We unveiled the effects exerted by missense mutations found in cancer genomic studies for the key autophagy ubiquitin-like protein, LC3B, providing a solid computational framework that allows to assess in parallel the impact on the most important properties that define its function and stability (Figure 10). We classified as damaging for function, four mutation sites (R70, D19, G120, and K49) that were experimentally proved to alter the protein activity, supporting our approach. Moreover, we validated experimentally six variants which highlighted the marked effect of the P32Q mutation on both protein stability and interaction with LIR-containing proteins. Moreover, our study, thanks to the collection of MD simulations with nine different force fields, can also guide the selection of physical models for MD simulations of LC3/GABARAP family, here illustrated on LC3B as a prototype of the family.

Figure 10.

Figure 10.

The framework used to obtain a comprehensive classification and analysis of the missense mutations in the coding region of LC3B. (A) We used a collection of different computational approaches to analyze the simulation ensembles and evaluate the impacts that a missense mutation could have on the protein structural stability (i.e., contact analysis, folding ΔΔGs, shown in red), protein function (i.e., binding ΔΔGs, interplay with SLiMs and PTMs, co-occurrence of mutations with interactors, shown in blue) or both of them (e.g. Revel pathogenicity score, coevolution conservation, shown in purple). (B) We used these approaches to classify the missense mutations of LC3B found in cancer genomic studies. The heatmap shows the mutations predicted to be the most damaging (dark blue), ranked on the basis of a collective score (first column) or only according to the predicted impact on stability (second column) or function (third column). The white cartoon shows LC3B anchored to the membrane while the yellow sphere indicates the position of P32, whose mutation into glutamine is predicted to be highly damaging. (C) We experimentally validated the impact of mutations by overexpressing LC3B mutants and checking their expression, interaction, and cellular localization

Our framework provides the groundwork to better understand the impact of mutations found in high-throughput cancer genomics data on a group of proteins that are key players of the autophagy pathway. More in general, it can be applied to the study of cancer proteins to prioritize variants for experimental validation of their damaging or neutral effects (Figure 10). In such cases, our approach can suggest the most convenient experimental methodologies for the validation, depending if the impact of the mutations is likely to be on the protein structural stability or its activity or even more specific aspects such as changes in post-translational regulation or allosteric mechanisms.

Materials and methods

Data availability

All the raw data, inputs, outputs and scripts associated with this publication are available in two repositories: GitHub https://github.com/ELELAB/lc3b_cancer_paper.git and OSF https://osf.io/4zxym/.
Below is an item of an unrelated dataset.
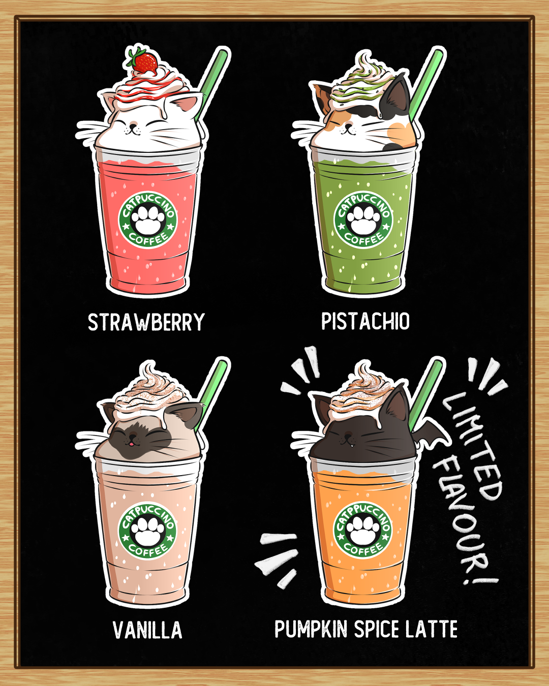 8 unique flavours: chocolate, caramel, matcha, coffee, strawberry, pistachio, vanilla, and the special limited edition pumpkin spice latte!

Molecular Dynamics (MD) simulations

One-μs MD simulations in explicit solvent of LC3B monomer were collected starting from the free state NMR structure with PDB entry 1V49 [48] using GROMACS [94,95]. We employed nine force fields: ff14SB [96], ff99SBnmr1 [97], ff99SB*-ILDN-Q [98–100], a99SB-disp [101], RSFF2 [102,103], CHARMM22* [104], CHARMM27 [105], CHARMM36 [39] and RSFF1 [106]. An additional 500-ns simulation for the Y113C LC3B variant was collected with CHARMM22*.
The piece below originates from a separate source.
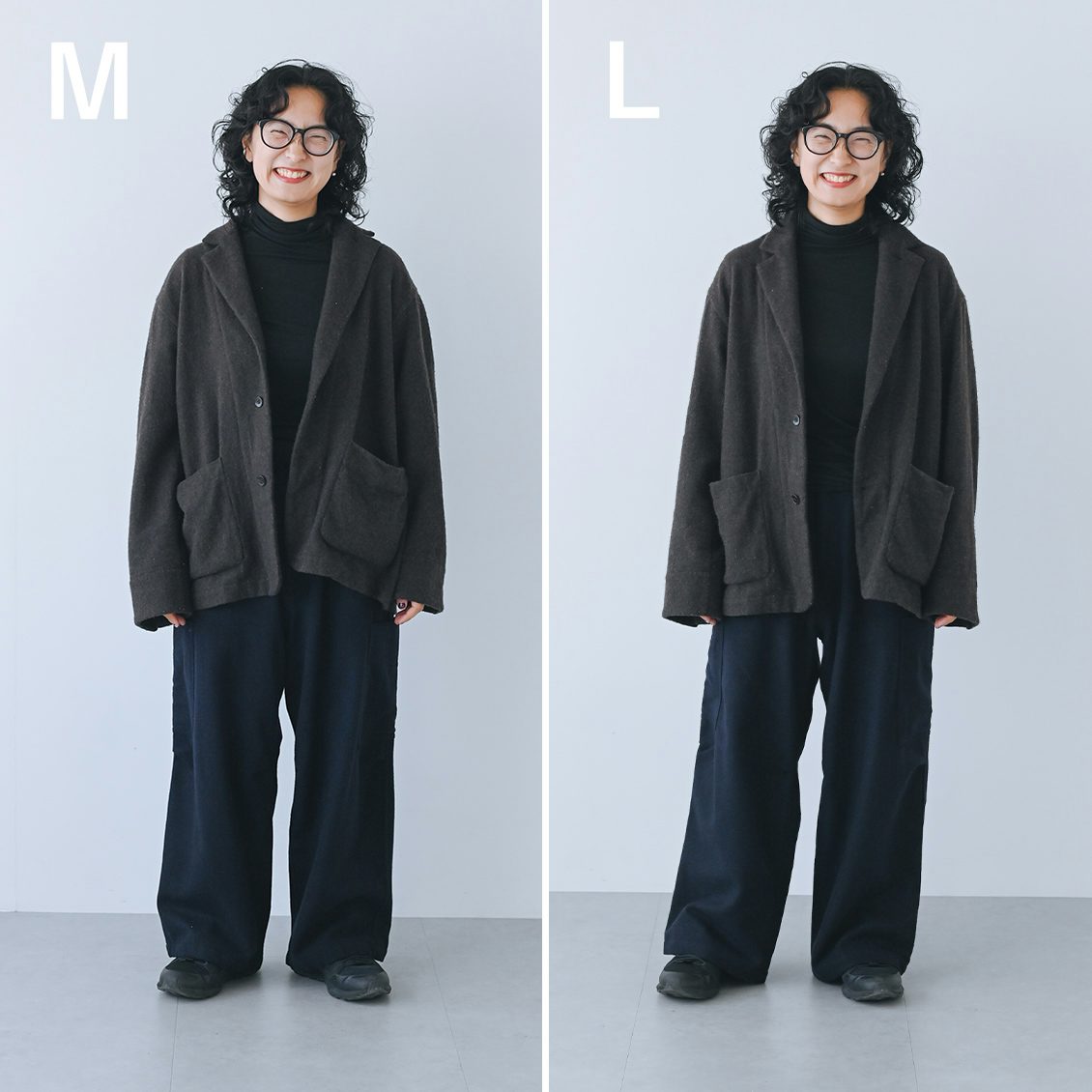 たっぷりしたシルエットに、ゆったりした着丈で、ウールパンツなんですが程よいカジュアル感があって。

We used, as solvent models, TIP3P adjusted for CHARMM force fields [107], TIP3P [108] for AMBER force fields and TIP4P-Ew [109] water model for the RSFF1 force field. We used a dodecahedral box with a minimum distance between protein and box edges of 12 Å applying periodic boundary conditions and a concentration of NaCl of 150 mM, neutralizing the charges of the system. In the simulations, we used the Nε2-H tautomer for all the histidine residues. The system was equilibrated in multiple steps. We carried out productive MD simulations in the canonical ensemble at 300 K and a time-step of 2 fs. We calculated long-range electrostatic interactions using the particle-mesh Ewald summation scheme, whereas we truncated Van der Waals and Coulomb interactions at 10 Å. Other details are provided in the input files in the OSF and GitHub repositories.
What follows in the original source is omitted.